The NotebookLM project can be used for any future maintainers to ask questions about the project based on all of the artifacts.

> It doesn’t matter to AI whether the code is spaghetti code or not. What you said was only important when humans were maintaining the code.

In my experience using AI to work on existing systems, the AI definitely performs much better on code that humans would consider readable.

You can’t really sit here talking about architecting greenfield systems with AI using methodology that didn’t exist 6 months ago while confidently proclaiming that “trust me they’ll be maintainable”.

Well you can, and most consultants do tend to do that, but it’s not worth much.

I wasn’t born into consulting in 1996. AI for coding is by definition the worse today that it will ever be. What makes you think that the complexity of the code will increase faster than the capability of the agents?
You might have maintained large systems long ago, but if you haven't done it in a while your skill atrophies.

And the most important part is you haven't maintained any large systems written by AI, so stating that they will work is nonsense.

I won't state that AI can't get better. AI agents might replace all of us in the future.

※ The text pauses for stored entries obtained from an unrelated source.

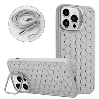 Θήκη τηλεφώνου TPU για iPhone 13 Pro Max με σχέδιο κυψελωτού και λουρί (Γκρι)
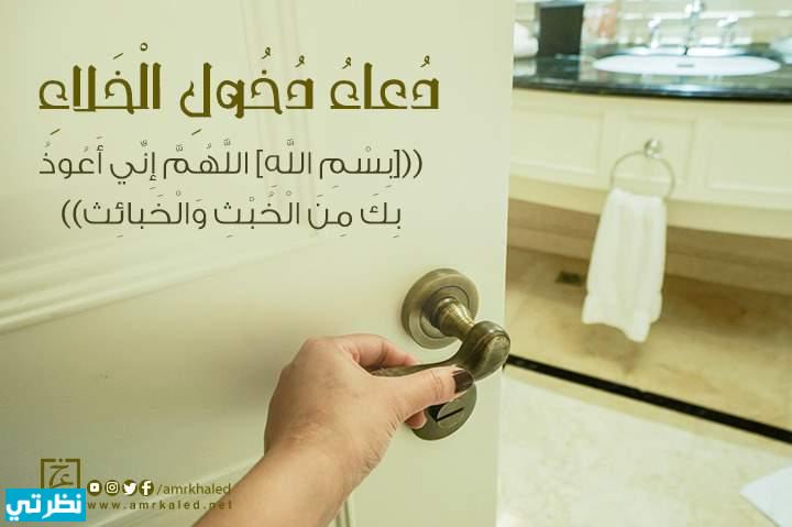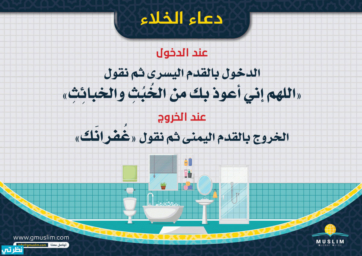 دعاء الخروج من الحمام: ” الحمد لله الذي عرفني لذته وأبقى في جسدي قوته وأخرج عني أذاه يا لها نعمة يا لها نعمة يا لها نعمة لا يقدرها القادرون قدرها “.
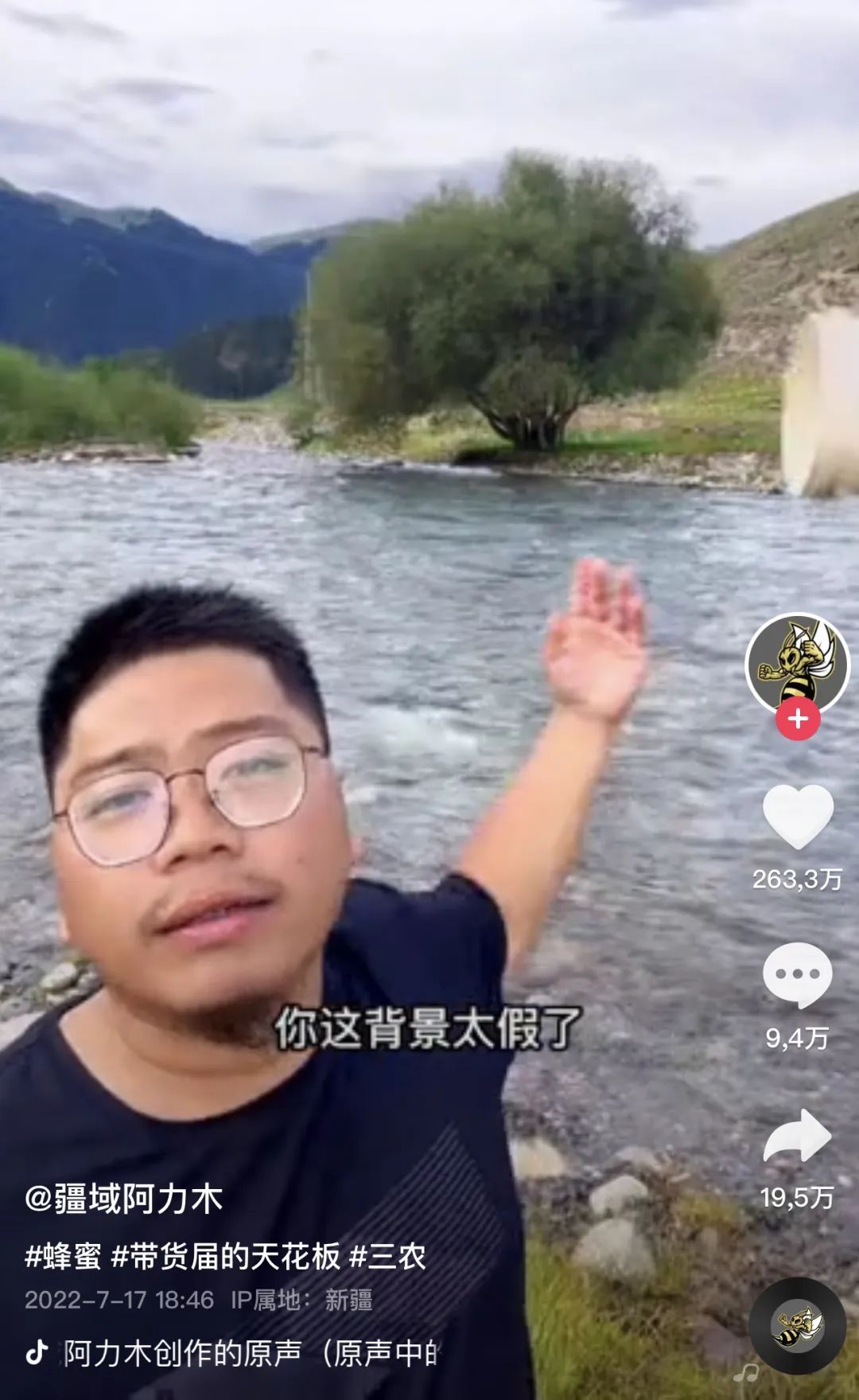 無獨有偶,不久前,另一位抖音達人「疆域阿力木」也曾因「你這背景太假了」而紅極一時。原因是疆域阿力木直播中身后的環境太過自然清澈,而阿力木本人的長相則與其背后的環境過於違和。
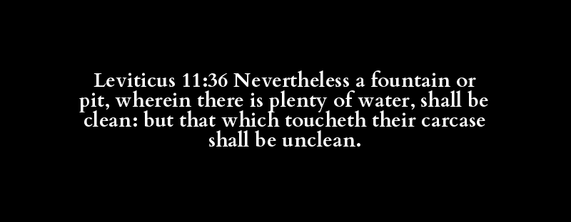 Leviticus 11:36 Nevertheless a fountain or pit, wherein there is plenty of water, shall be clean: but that which toucheth their carcase shall be unclean.
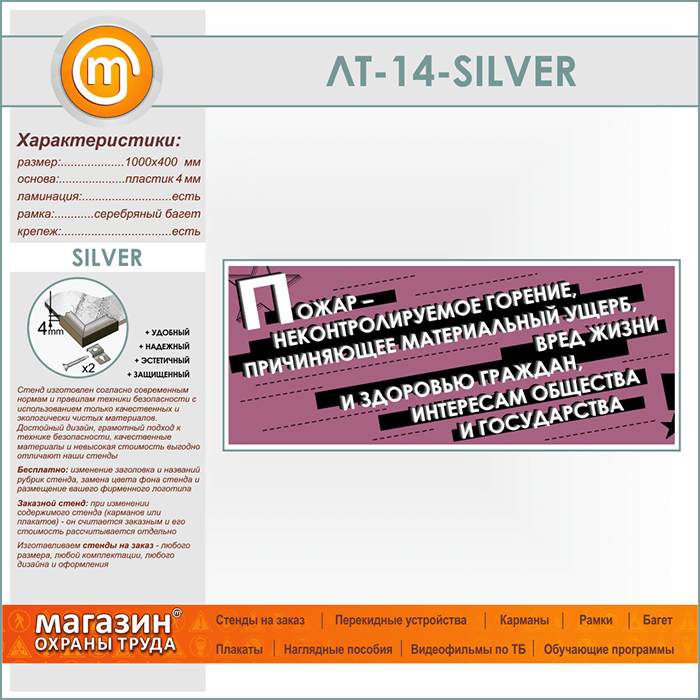 Лозунг «Пожар - неконтроллируемое горение...» (LT-14-SILVER) в Магнитогорске купить
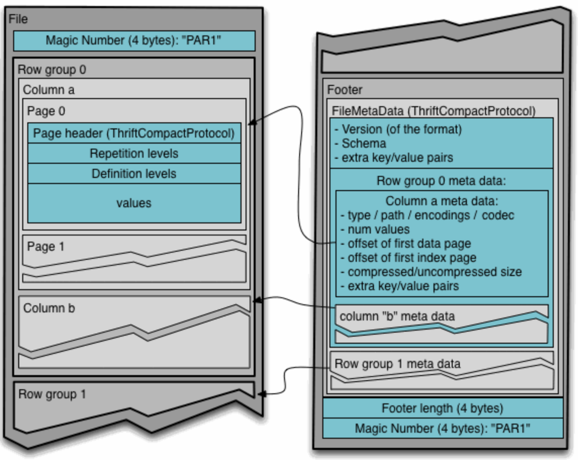 parquet format은 메타데이터와 데이터를 분리하도록 명시적으로 디자인되었습니다. 이를 통해 컬럼별로 여러 파일로 분류할 수 있으며, 단일 메타데이터 파일에서 여러 parquet file을 참조할 수도 있습니다.
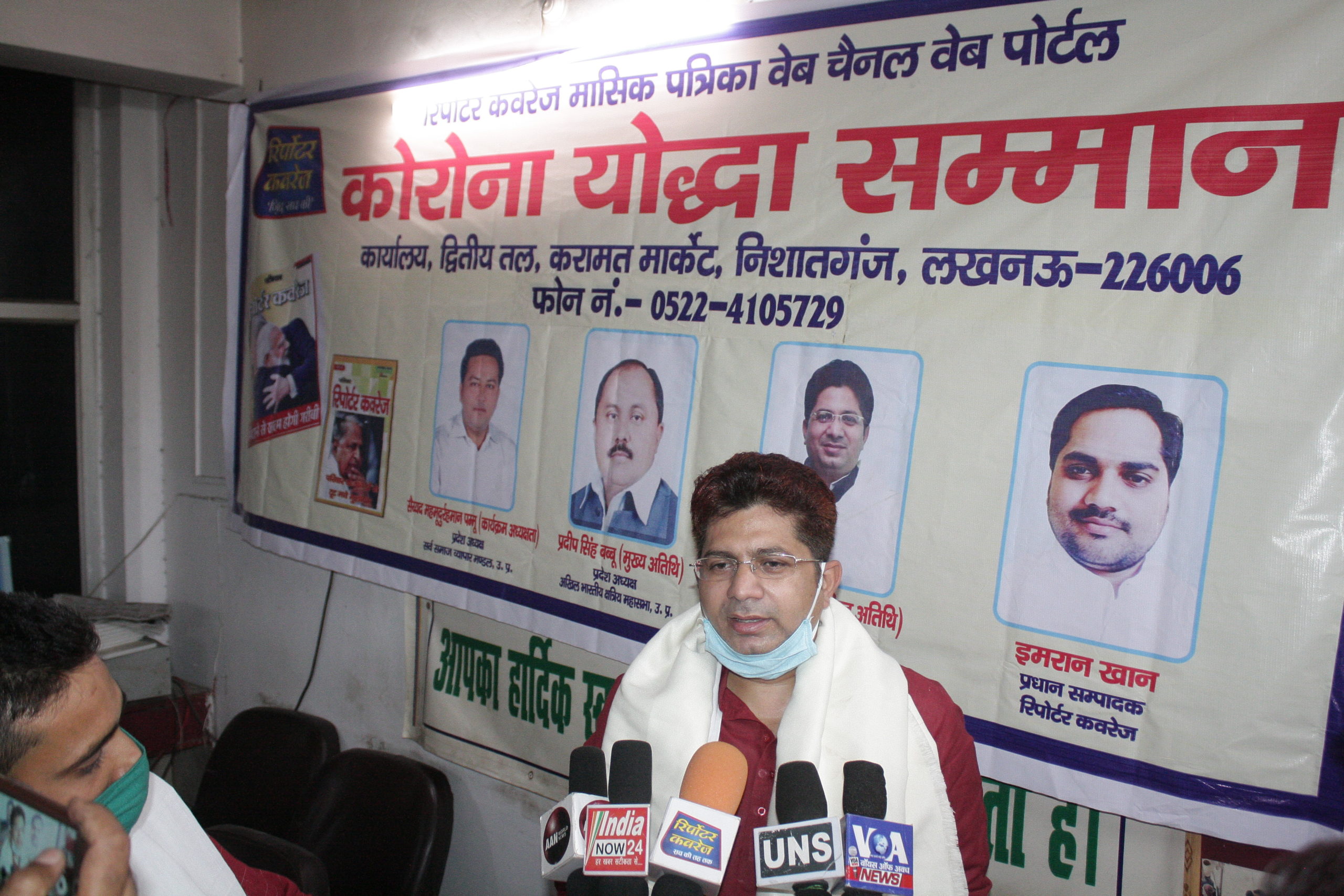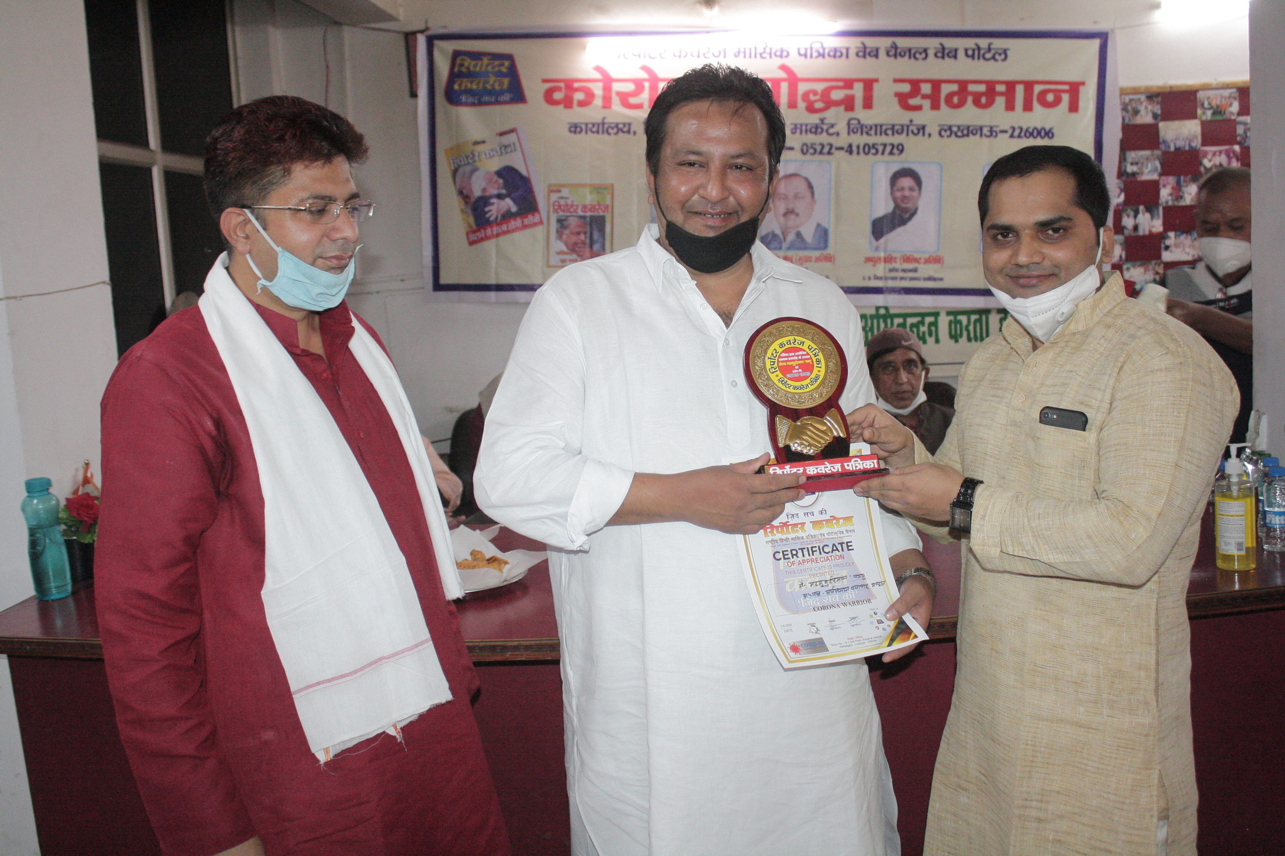 लखनऊ। राष्ट्रीय मासिक पत्रिका एवं वेब पोर्टल रिपोर्टर कवरेज ने करामत मार्केट निशातगंज में आयोजित एक कार्यक्रम में कोरोना योद्धा सम्मान के अंतर्गत पत्रकारो, छायाकारो, पुलिसकर्मियों,डॉक्टरों एवं समाजसेवियों को उनकी उल्लेखनीय सेवाओं के लिए सम्मानित किया। कार्यक्रम की अध्यक्षता रिपोर्टर कवरेज़ की ओर से आयोजित

But what I will tell you is based on my experience and reasoning I have very strong doubts about the maintainability of AI generated code that no one has approved or understands. The burden of proof isn't on the person saying "maybe we should slow down and understand the consequences before we introduce a massive change." It's on the person saying "trust me it will work even though I have absolutely no evidence to support my claim".

> Well you can, and most consultants do tend to do that

Yeah they do.

I'm familiar enough with the claims to feel confident there is plenty of nefarious astroturfing occurring all over the web including on HN.

Indeed. Astro turfing posts have a particular smell to them.
I would like to introduce you to the concepts of interfaces and memory safety.

Well-designed interfaces enforce decoupling where it matters most. And believe it or not, you can do review passes after an LLM writes code, to catch bugs, security issues, bad architecture, reduce complexity, etc.

In my experience, consulting companies typically have a bunch of low-to-medium skilled developers producing crap, so the situation with AI isn't much different. Some are better than others, of course.
Also developer UX, common antipatterns, etc

This “the only thing that matters about code is whether it meets requirements” is such a tired take and I can’t imagine anyone seriously spouting it has has had to maintain real software.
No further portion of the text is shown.